Will started up from his chair and reached his hat. “Pray don’t say any more about it,” he said, in a hoarse undertone extremely unlike his usual light voice. “It is a foul insult to her and to me.” Then he sat down absently, looking before him, but seeing nothing. “I expect to hear of the marriage,” said Rosamond, playfully. “Never! You will never hear of the marriage!” Will rose, put out his hand to Rosamond, and went away. When he was gone, Rosamond walked to the other end of the room, leaning against a chiffonniere, looking out of the window wearily. She was oppressed by ennui, thinking of the family at Quallingham, who did not write to her.

CHAPTER LX.

A few days afterward, there was an occasion causing some excitement in Middlemarch: the public was to have the advantage of buying, under the distinguished auspices of Mr. Borthrop Trumbull, the furniture, books, and pictures belonging to Edwin Larcher, Esq., who had made a great success in the carrying business. A large sale was regarded as a kind of festival in those times. Mr. Borthrop Trumbull, mounted with desk and hammer, his acquaintance with the history of art enabling him to point out that the hall furniture comprised a piece of carving by a contemporary of Gibbons, was in his element.

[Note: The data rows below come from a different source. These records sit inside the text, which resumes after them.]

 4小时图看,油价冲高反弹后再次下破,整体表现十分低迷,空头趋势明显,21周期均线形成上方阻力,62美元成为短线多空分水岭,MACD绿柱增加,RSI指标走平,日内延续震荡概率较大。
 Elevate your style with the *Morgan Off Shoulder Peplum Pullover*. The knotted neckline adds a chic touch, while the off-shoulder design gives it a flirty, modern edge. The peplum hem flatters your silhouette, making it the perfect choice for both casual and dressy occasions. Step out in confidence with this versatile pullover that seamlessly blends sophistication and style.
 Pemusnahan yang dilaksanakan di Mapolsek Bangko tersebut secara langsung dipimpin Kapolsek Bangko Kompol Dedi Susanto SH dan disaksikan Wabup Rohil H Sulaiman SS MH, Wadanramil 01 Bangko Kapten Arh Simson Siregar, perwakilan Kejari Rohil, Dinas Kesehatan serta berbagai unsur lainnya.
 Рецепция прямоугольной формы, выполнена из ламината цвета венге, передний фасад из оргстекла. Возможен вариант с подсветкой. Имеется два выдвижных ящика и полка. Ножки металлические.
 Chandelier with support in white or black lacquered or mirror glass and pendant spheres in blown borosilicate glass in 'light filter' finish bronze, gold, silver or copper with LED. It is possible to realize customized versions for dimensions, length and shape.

Mrs. Bulstrode had particularly wished to have a certain picture—a “Supper at Emmaus,” attributed in the catalogue to Guido. Mr. Bulstrode had called at the office of the “Pioneer” to beg of Mr. Ladislaw as a great favor that he would use his remarkable knowledge of pictures on her behalf. Will replied that he had reasons for deferring his departure and would be happy to go to the sale.

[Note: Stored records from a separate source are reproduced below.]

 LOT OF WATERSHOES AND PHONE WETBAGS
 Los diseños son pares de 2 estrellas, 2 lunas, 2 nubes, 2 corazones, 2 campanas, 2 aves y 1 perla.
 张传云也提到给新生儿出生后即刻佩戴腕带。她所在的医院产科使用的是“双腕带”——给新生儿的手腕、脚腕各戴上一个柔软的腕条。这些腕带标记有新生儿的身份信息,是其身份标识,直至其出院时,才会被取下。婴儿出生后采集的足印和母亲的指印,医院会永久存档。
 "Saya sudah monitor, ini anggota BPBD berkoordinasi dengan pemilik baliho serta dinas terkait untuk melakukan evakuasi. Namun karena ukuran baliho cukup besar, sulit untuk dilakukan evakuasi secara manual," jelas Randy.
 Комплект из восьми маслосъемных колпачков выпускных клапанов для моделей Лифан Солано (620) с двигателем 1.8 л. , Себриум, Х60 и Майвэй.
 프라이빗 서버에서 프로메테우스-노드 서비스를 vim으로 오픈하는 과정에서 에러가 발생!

Will was in a defiant mood, his consciousness deeply stung with the thought that the people who looked at him probably knew a fact tantamount to an accusation against him. He stood in a conspicuous place not far from the auctioneer, with a fore-finger in each side-pocket and his head thrown backward. When the “Supper at Emmaus” was brought forward, the auctioneer turned it toward him. “Five pounds,” said Will. Trumbull burst out in remonstrance. The bidding was brisk, and Will, remembering that Mrs. Bulstrode had a strong wish for the picture, continued to share in it. It was knocked down to him at ten guineas, and he pushed his way toward the bow-window and went out.

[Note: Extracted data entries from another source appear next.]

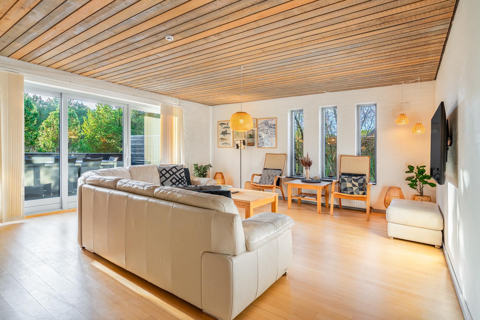 Sommerhusets samlingspunkt er den store stue med brændeovn og gulvvarme, hvor I kan slappe af efter en frisk gåtur på stranden.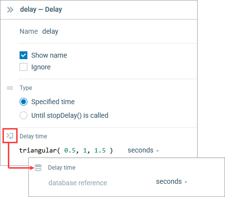 For the Delay time property, witch from the value editor to the database reference constructor. To do this, click the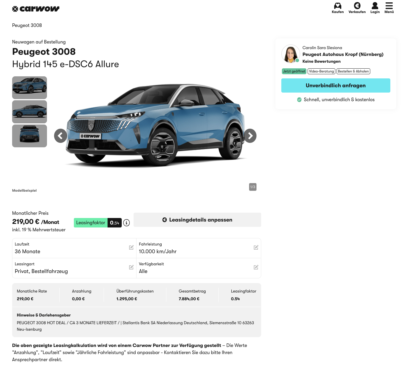 Heiligabend Deal 🎄 mit Stil und Effizienz. Aktuell gibt es den Peugeot 3008 Hybrid 145 e-DSC6 Allure bei carwow für 219 Euro brutto im Monat, im Privatleasing als Bestellaktion, komplett nach euren Wünschen konfigurierbar, mit rund drei Monaten Lieferzeit.
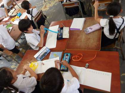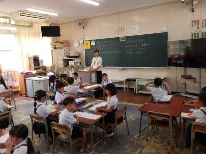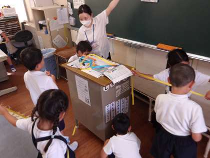 1年生は算数で「大きさ比べ」しました。具体的なテープを使って長さをはかり取り、比べていました。楽しそうに活動で来てとてもよかったです。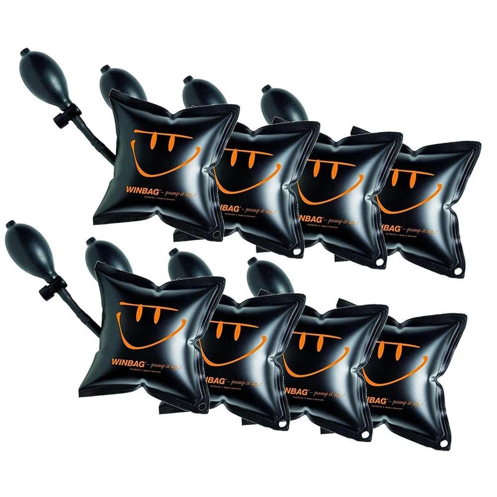 The Original Winbag-pump it up. The Winbag inflatable air cushion is an innovative alignment tool that can replace shims and wedges when leveling and installing windows, doors, kitchen cabinets, and household appliances. Unlike wooden shims and plastic wedges that can mar surfaces, the Winbag air wedge doesn’t leave marks and is gentle on its surroundings. The Winbag’s inflatable air cushion is made of fiber reinforced material that is durable enough to be used time and time again. Its very powerful, hand operated pump gives the Winbag a maximum load of 300 lbs. per bag. Accomplish larger jobs by adding another Winbag to increase capacity. The Winbag spans gaps from 3/32 in. to 2 in. with infinite adjusting possibilities and deflates at the touch of a button. The Winbag can even be used to level furniture around the house or as an effective door stopper. With the Winbag, a single professional installer can position, adjust, align, level and hold work materials in place, saving time and reducing costs.

He chose to go under the marquee to get a glass of water, being hot and thirsty. Before the woman in attendance was well gone, he was annoyed to see entering the florid stranger who had stared at him. Mr. Raffles moved a step or two till he was in front of Will, and said with full-mouthed haste, “Excuse me, Mr. Ladislaw—was your mother’s name Sarah Dunkirk?” Will, starting to his feet, moved backward a step, frowning. “Yes, sir, it was. And what is that to you?” Raffles, who never hesitated to thrust himself on unwilling observation, said he had known Sarah when she was a girl, and that Will was the very image of his father. “Parents alive, Mr. Ladislaw?” “No!” thundered Will. Raffles, who had lifted his hat, turned himself round with a swing of his leg and walked away.

Later in the evening, however, Raffles overtook him in the street and walked by his side. He told Will he had travelled for Sarah’s family in a gentlemanly way at a high salary, and that they hadn’t minded her running away at first—godly folks, very godly. “What do you say, Mr. Ladislaw?—shall we turn in and have a glass?” “No, I must say good evening,” said Will, dashing up a passage which led into Lowick Gate, and almost running to get out of Raffles’s reach.

He walked a long while on the Lowick road away from the town, glad of the starlit darkness when it came. He felt as if he had had dirt cast on him amidst shouts of scorn. There was this to confirm the fellow’s statement—that his mother never would tell him the reason why she had run away from her family. Well! what was he, Will Ladislaw, the worse, supposing the truth about that family to be the ugliest? His mother had braved hardship in order to separate herself from it. But if Dorothea’s friends had known this story, they would have had a fine color to give their suspicions a welcome ground. However, let them suspect what they pleased, they would find themselves in the wrong.